И всё же минимального результата Эйзенхауэр и Паттон добились: их школе были выделены танки новейших моделей — по несколько тяжелых британских машин и французских средних танков фирмы «Рено»{97}.
Вскоре служебные пути коллег и единомышленников разошлись: Паттон, устав от бесплодной борьбы «за танки», возвратился в кавалерию; Эйзенхауэр предпочел штабную работу, часто меняя место службы. Но оба при любой возможности старались обосновать преимущества использования танков как самостоятельного стратегического средства ведения войны. В конце концов Эйзенхауэр был вызван к высокому начальству — командующему пехотными силами, который заявил, что его идеи «не только ошибочны, но и вредны», и что ему лучше помалкивать во избежание крупных неприятностей. «В частности, мне было заявлено, что я не должен публиковать что-либо, несовместимое с существующей доктриной пехотного боя». Даже через много лет Дуайт вспоминал, что ему пригрозили полевым судом, если он будет продолжать печатную борьбу «за танки»{98}. Скорее всего, отставной президент явно написал о таком «грозном предостережении» для красного словца (хотя, может быть, оно и было высказано с целью припугнуть зарвавшегося офицера).
В 1920 году у Эйзенхауэра появилось еще одно важное знакомство. На вечеринке у Паттона он встретился с генерал-майором Фоксом Коннером, о котором слышал, что это чуть ли не самый умный человек в американской армии. Во всяком случае во время войны его считали «мозгом» экспедиционного корпуса США под командованием генерала Джона Першинга, воевавшего в 1918 году во Франции (Коннер был у Першинга начальником штаба){99}. После обильного обеда с возлияниями не потерявший над собой контроль генерал попросил Паттона и Эйзенхауэра показать ему лагерь и особенно танки. Одобрение танковых сил, высказанное Коннером, было единственным за много лет{100}.
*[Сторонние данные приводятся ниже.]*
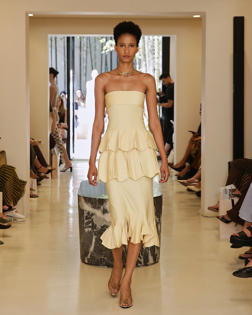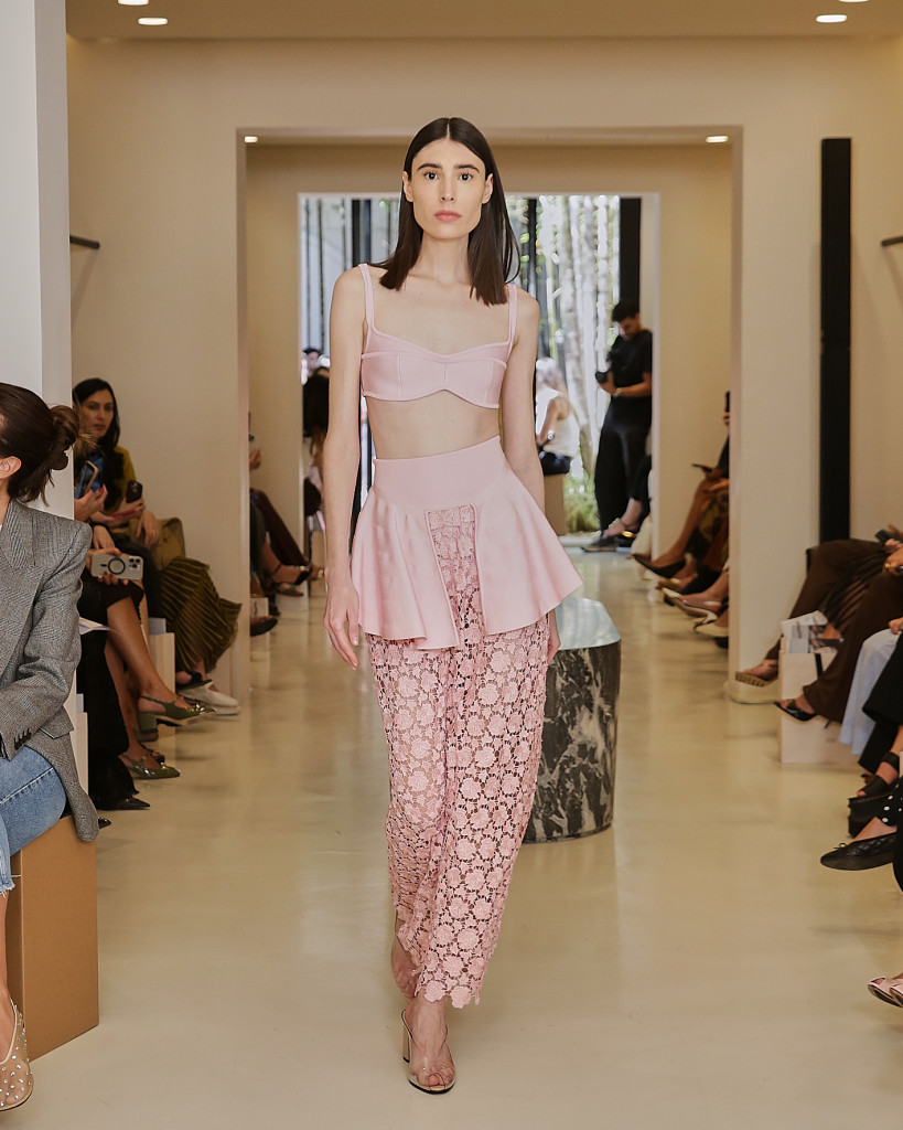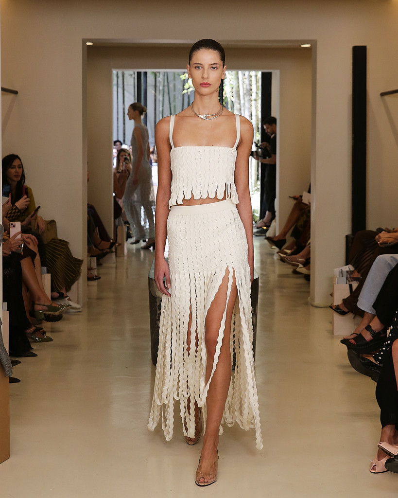 “É um momento muito bom da marca, onde a gente realmente se reconecta à nossa essência, a fazer peças que trazem o DNA da Lolitta, que é essa peça que ela é feita a partir de um fio, usando técnicas diferentes. Desde a técnica de pegar um fio e transformar numa renda, da tecnologia, dos bands que são também tricô, mas com esse reforço do corsê, trazendo essa feminilidade da marca, a transparência tem bastante evidência na coleção “, diz Hannud em entrevista à BAZAAR.

Вскоре Коннер был назначен командиром отдельной пехотной бригады, размещенной в зоне Панамского канала, насильственно арендованной у Панамы, и предложил Эйзехауэру служить у него офицером по особым поручениям. Учитывая, что танковая школа, которую Дуайт организовал, пока не имела перспектив (в ней даже не начались занятия из-за отсутствия слушателей), а Паттон переметнулся в кавалерию, Дуайт, стремившийся повидать новые места, согласился. Однако начальник лагеря Мид генерал С. Роккенбах его не отпустил, мотивируя тем, что Эйзенхауэр — опытный полевой офицер. Позже сам Дуайт, опять проявив то ли подлинную, то ли наигранную скромность, высказывал мнение, что генерал, страстный любитель футбола, просто не желал отдавать одного из лучших тренеров{101}. Так или иначе, он остался в Миде, но все больше тосковал по реальным военным делам. Занятый лишь часть рабочего дня, Айк большое внимание уделял жене, отлично понимавшей трудности офицерской жизни и пользовавшейся временным затишьем, которое, она считала, зная своего супруга, неизбежно сменится бурей.
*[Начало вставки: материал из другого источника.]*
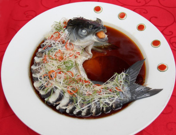 5、鱼蒸好后掉去一部分汤汁。汤汁可以做汤用。将葱丝、红椒丝放在鱼身上,浇上蒸鱼豉油。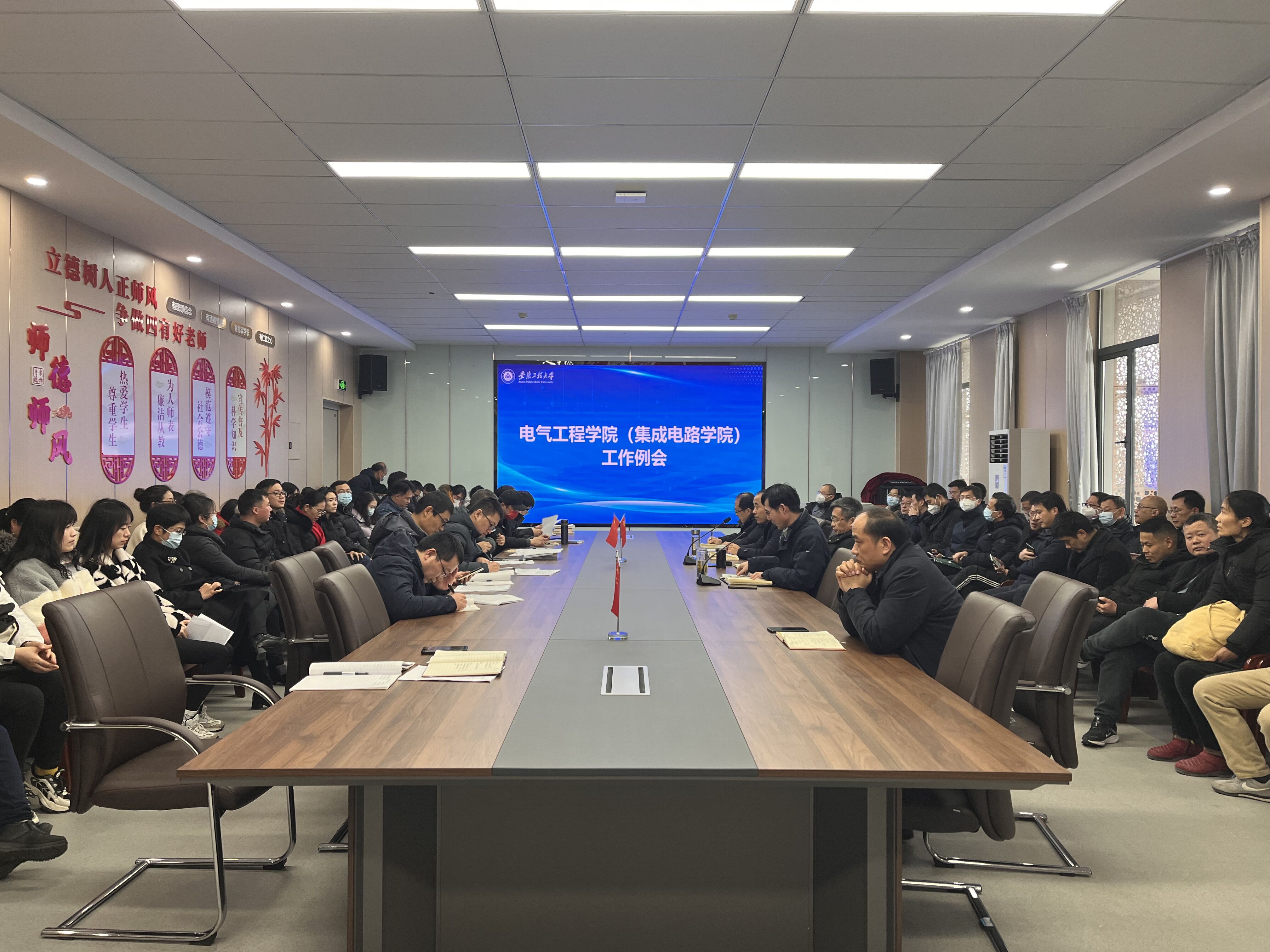 2月11日下午, jav (集成电路学院)在国际工程师学院校区龙胜楼206会议室召开2023年新学期教职工工作会议,学院党政班子成员和全体教职工参加会议。会议由学院党委书记杨会成主持。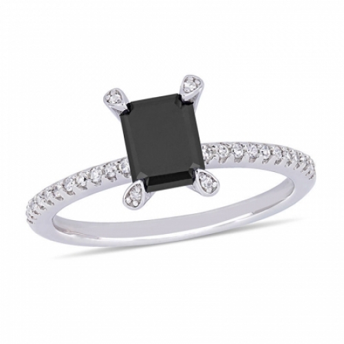 Женское кольцо из белого золота 585 пробы с черными и белыми бриллиантами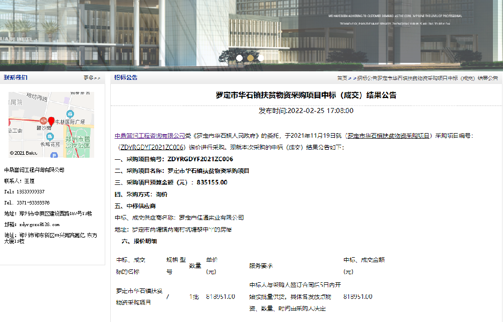 • 羅定市華石鎮扶貧物資采購項目中標(成交)結果公告 2022-02-25

В 1920 году их сыну исполнилось три года. Айки рос умным и физически крепким. Единственное, что беспокоило отца и мать, — слишком большая забота о ребенке всех окружающих, вплоть до солдат. Айки то и дело получал подарки. Они, однако, были связаны прежде всего с военным делом, и это несколько успокаивало отца. Мальчик быстро овладевал военным ритуалом, пытался сам надеть подаренную ему и перешитую няней солдатскую форму, стоял по стойке смирно во время военных парадов и т. д.
Но накануне Рождества 1920 года мальчик заболел скарлатиной, заразившись, видимо, от новой няни, которая недавно перенесла болезнь, скрыв этот факт от Эйзенхауэров. Это острое инфекционное заболевание, характеризующееся лихорадкой, интоксикацией, ангиной и обильной точечной сыпью. В настоящее время скарлатина нередко протекает достаточно легко, при должном уходе практически не дает осложнений и не приводит к гибели детей. Иначе было в прошлом веке. До 1940-х годов, когда начали появляться сульфамидные препараты, а затем антибиотики, смертность от скарлатины составляла 80 процентов{102}.
Беда не обошла стороной и дом Эйзенхауэров. 2 января 1921 года Айки умер. «Это было самое большое горе, даже катастрофа, в моей жизни», — писал Дуайт на закате жизни{103}. Те же чувства выражала Мейми: «На протяжении всех следующих лет воспоминание об этих черных днях причиняло глубокую внутреннюю боль, которая, кажется, никогда сколько-нибудь не смягчалась»{104}.